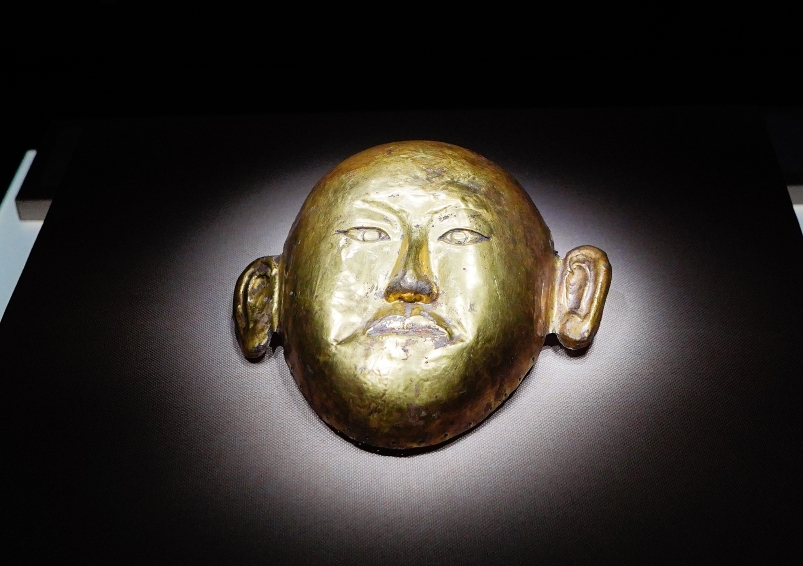 丧葬用面具,出土时覆盖于陈国公主面部。整体用薄金片锤击成形。面具制作精细,周边有33个穿孔,用细银丝沿着穿孔将其与头部网络连缀起来。
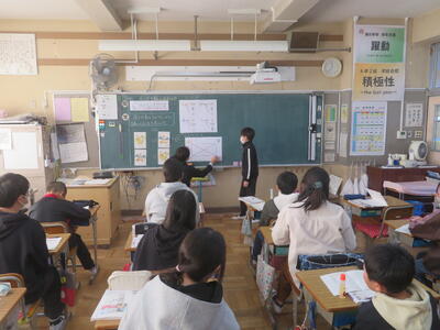 12日(水)の3時間目は3年生は理科と国語の学習でした。理科では豆電球に明かりをともすにはどうすればよいかを確かめていました。どういうときに明かりがつくのかを結果から考えていきます。国語は話し合いをしていました。絵文字について学習した後に、体育館の絵文字はどのようなものにすればよいかを司会者が問い、意見を出し合っていました。どのような絵文字ができあがるのでしょうか。
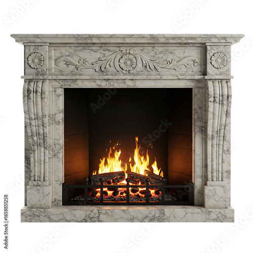 Classic marble fireplace with decorative design on Isolated Transparent Background

_ _ _ _ _

◆ PROBLEM REQUIREMENTS ◆
The reply should consist of the listing restated word for word, with its pictures removed.

◆ RESPONSE ◆
 丧葬用面具,出土时覆盖于陈国公主面部。整体用薄金片锤击成形。面具制作精细,周边有33个穿孔,用细银丝沿着穿孔将其与头部网络连缀起来。
 12日(水)の3時間目は3年生は理科と国語の学習でした。理科では豆電球に明かりをともすにはどうすればよいかを確かめていました。どういうときに明かりがつくのかを結果から考えていきます。国語は話し合いをしていました。絵文字について学習した後に、体育館の絵文字はどのようなものにすればよいかを司会者が問い、意見を出し合っていました。どのような絵文字ができあがるのでしょうか。
 Classic marble fireplace with decorative design on Isolated Transparent Background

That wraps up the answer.